India clamps down on OTC antibiotic sales to stem spread of superbugs

By Gareth Macdonald

- Last updated on GMT

iStock/Vepar5
iStock/Vepar5

Related tags Antibiotic resistance

The CDSCO has urged pharmacies to stop selling prescription antibiotics over-the-counter in an effort to slow the spread of antimicrobial resistance.

The Delhi-headquartered regulator issued a guidance note​  today, explaining it aims to "contain microbial resistance​" by reminding pharmacies and patients of the problems associated with taking antibiotics that have not been prescribed.

"To contain anti-microbial resistance, the office has been advising the supply chain system in India to follow strict requirements of Schedule H and H1 for the sale of medicines​."

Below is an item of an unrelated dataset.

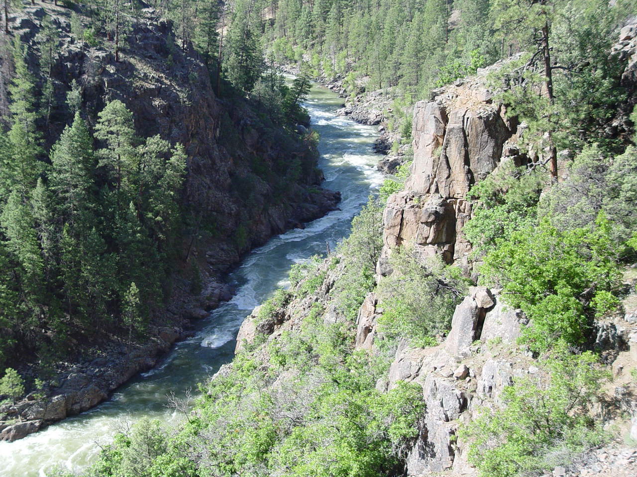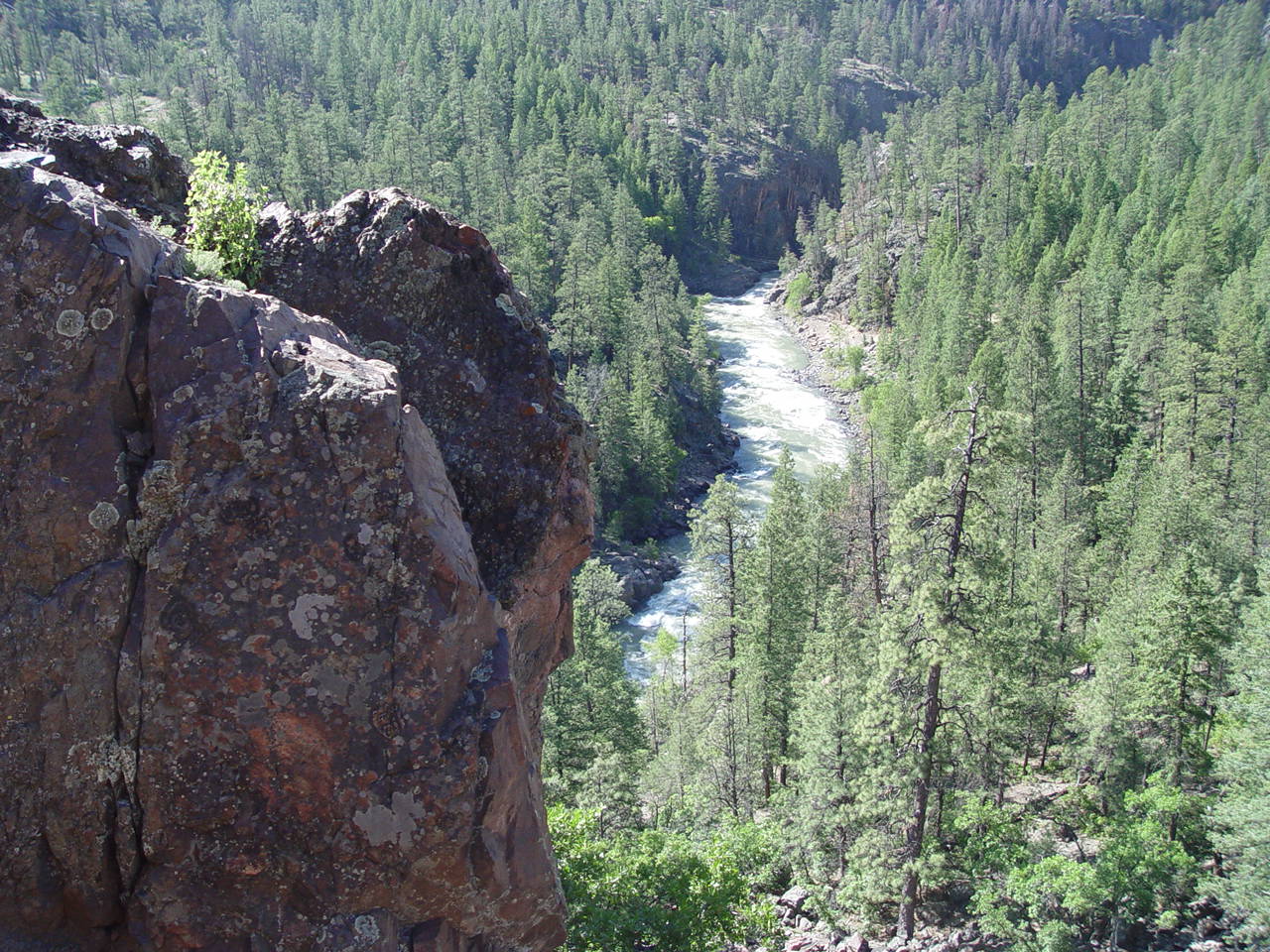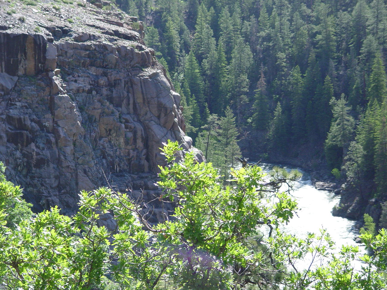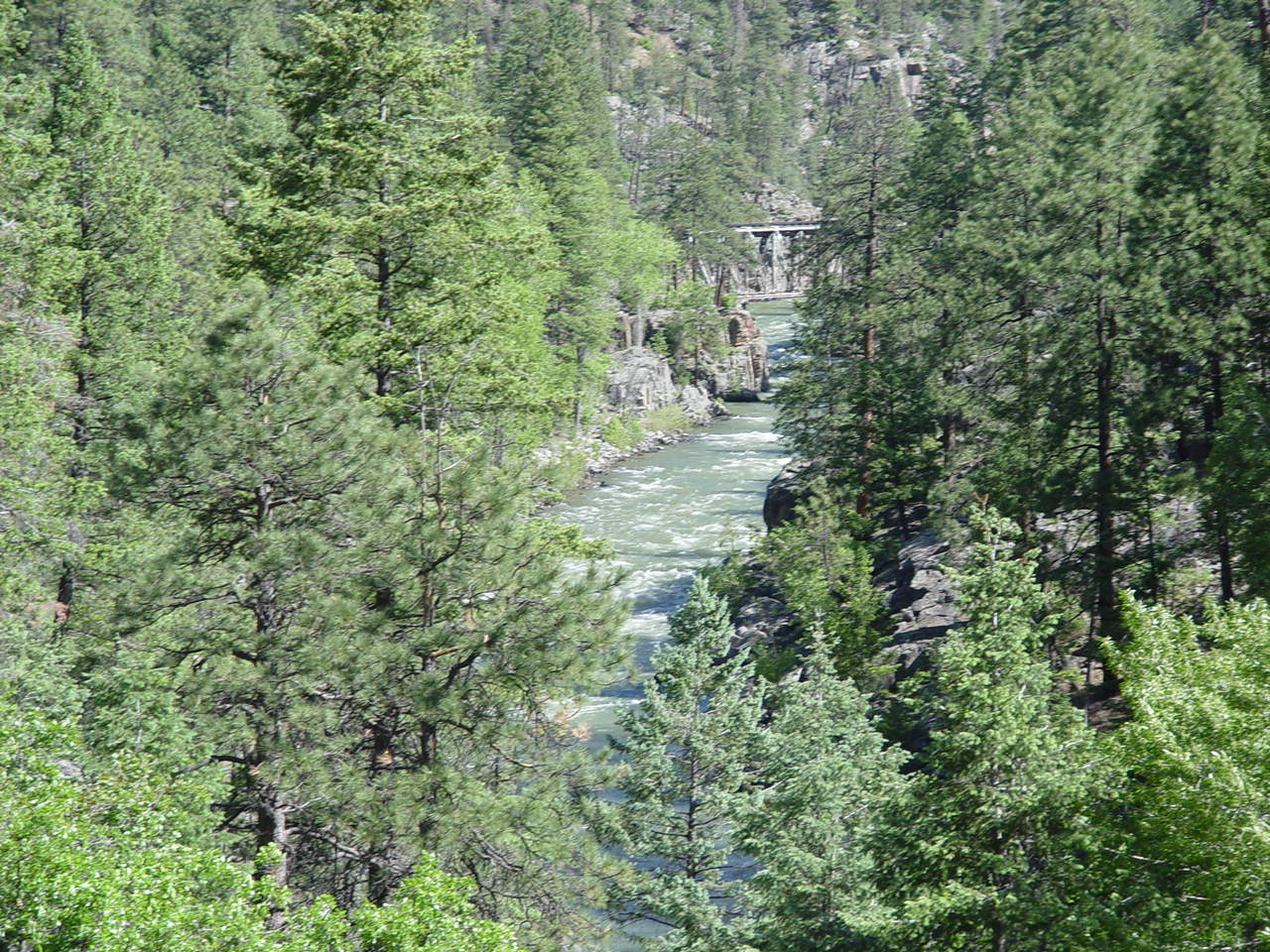 | Looking down at the Animas below the bridge

Under Indian law Schedule H medicines must be labelled with “Rx” and information making clear the drug is only available on prescription.

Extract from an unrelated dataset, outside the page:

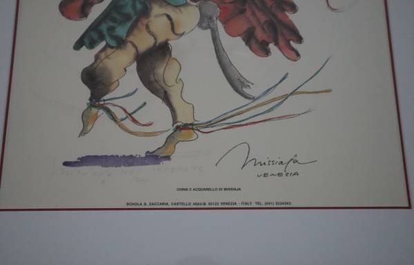 This exquisite watercolor and ink lithograph is brilliant and colorful showing a Dancing Guitarist Commedia Parade. Missiaja is one of Italy's finest modern impressionist and his peers recognize his artwork as the most exciting and extravagant, e-mail me or text 303 nine four nine 1678. Cash only

Schedule H1 drugs carry the same information and a warning that “it is dangerous to take the preparation except in accordance with the medical advice.​”

The Central Drugs Standard Control Organization (CDSCO) said the note was prompted by reports that “antimicrobial resistance has resulted in the death of a patient in India​” but did not provide additional information.

US death

The CDSCO note comes days after the Centers for Disease Control and prevention (CDC) reported​ the detection of an untreatable superbug in samples from a woman who died last September after returning to the US from India.

According to the agency the deceased woman returned to the US and was admitted to hospital in Reno, Nevada in August after an extended visit to India during which she was hospitalized on several occasions after fracturing her right femur.

Subsequent testing of isolates from the deceased woman identified a strain of Klebsiella pneumoniae ​that is resistant to all antibiotics available in the US.

Collaboration

Publication of the note coincides with the start of an antibiotics-focused research projects by India's Department of Biotechnology and the Swedish Governmental Agency for Innovation Systems (VINNOVA).

The wide ranging project​ is designed to foster development of research and innovation in a number of scientific areas, including antimicrobial resistance.